*YOUR GOAL*
With the pictures removed, write out the full listing below exactly.

*DATASET EXCERPT*

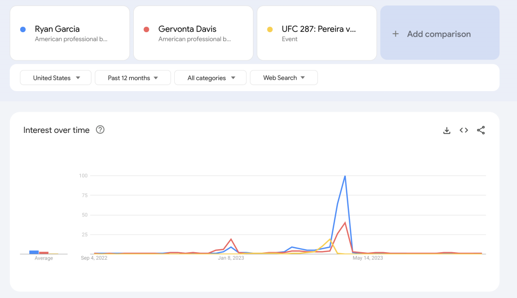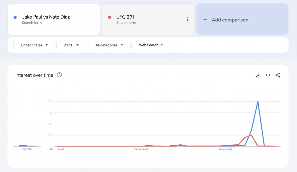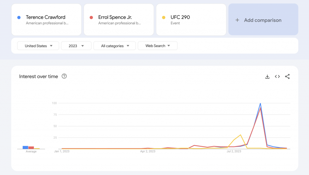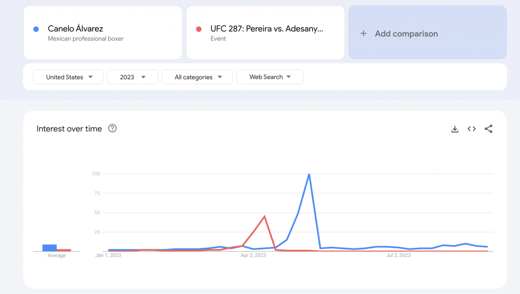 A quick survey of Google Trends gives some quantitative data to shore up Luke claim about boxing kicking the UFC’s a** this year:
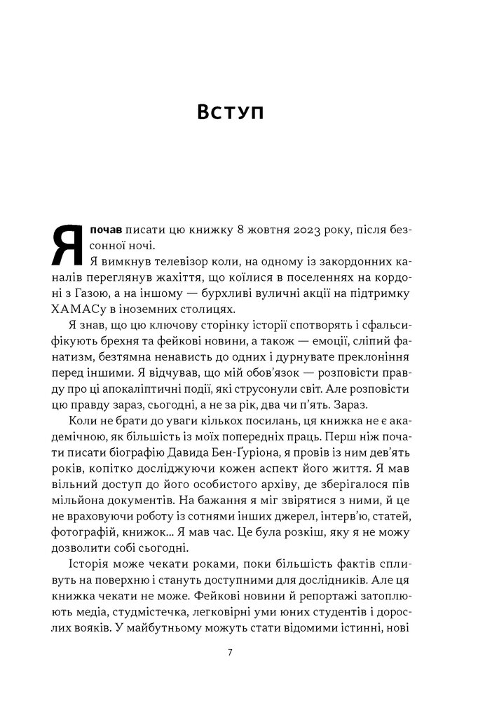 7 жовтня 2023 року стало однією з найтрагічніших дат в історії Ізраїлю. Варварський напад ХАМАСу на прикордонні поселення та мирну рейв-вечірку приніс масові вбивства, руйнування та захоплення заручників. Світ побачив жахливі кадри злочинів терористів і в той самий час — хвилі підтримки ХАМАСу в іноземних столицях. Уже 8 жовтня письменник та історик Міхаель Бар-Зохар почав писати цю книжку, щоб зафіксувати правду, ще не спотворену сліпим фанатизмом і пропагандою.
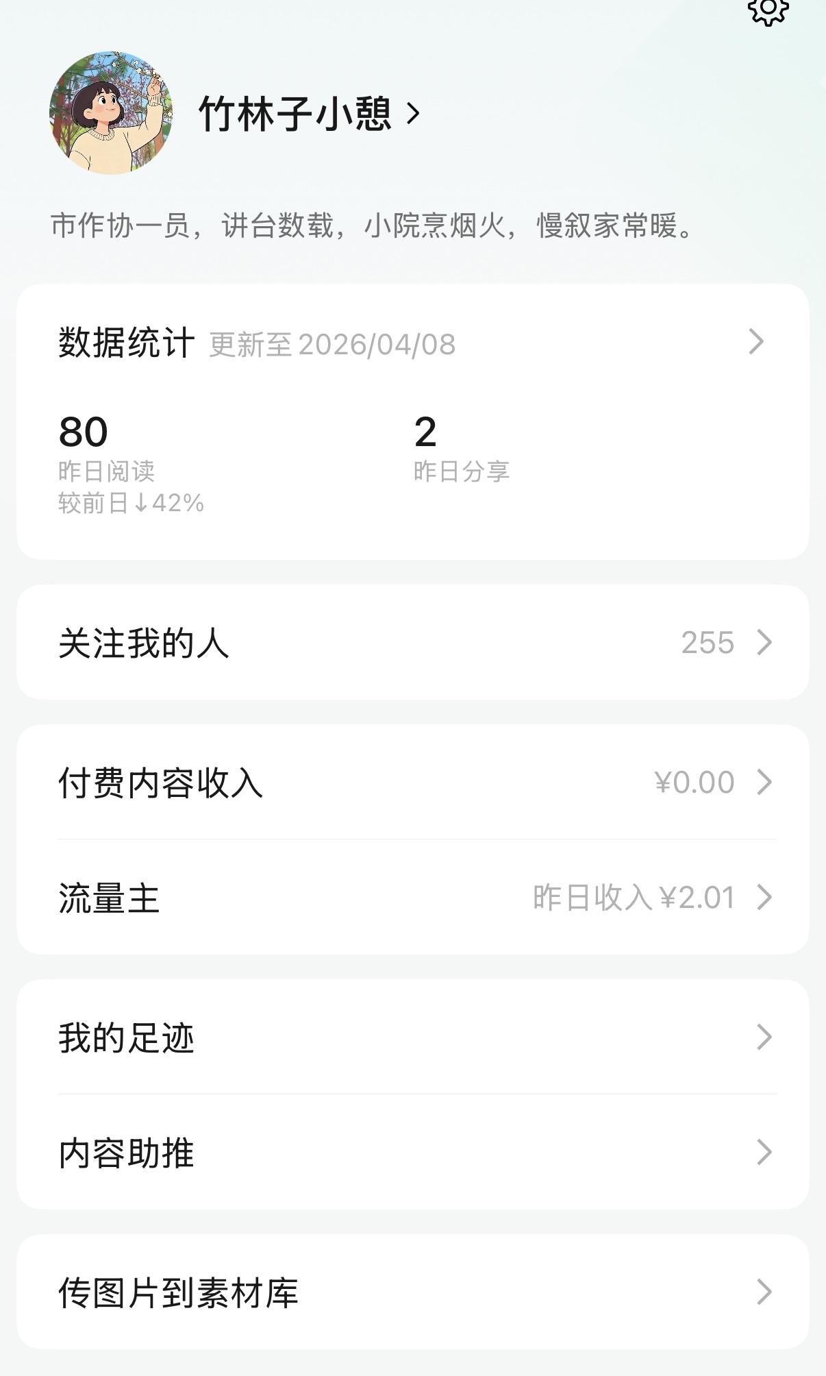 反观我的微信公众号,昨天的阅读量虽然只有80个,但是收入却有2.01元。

*ANSWER BOX*
 A quick survey of Google Trends gives some quantitative data to shore up Luke claim about boxing kicking the UFC’s a** this year:
 7 жовтня 2023 року стало однією з найтрагічніших дат в історії Ізраїлю. Варварський напад ХАМАСу на прикордонні поселення та мирну рейв-вечірку приніс масові вбивства, руйнування та захоплення заручників. Світ побачив жахливі кадри злочинів терористів і в той самий час — хвилі підтримки ХАМАСу в іноземних столицях. Уже 8 жовтня письменник та історик Міхаель Бар-Зохар почав писати цю книжку, щоб зафіксувати правду, ще не спотворену сліпим фанатизмом і пропагандою.
 反观我的微信公众号,昨天的阅读量虽然只有80个,但是收入却有2.01元。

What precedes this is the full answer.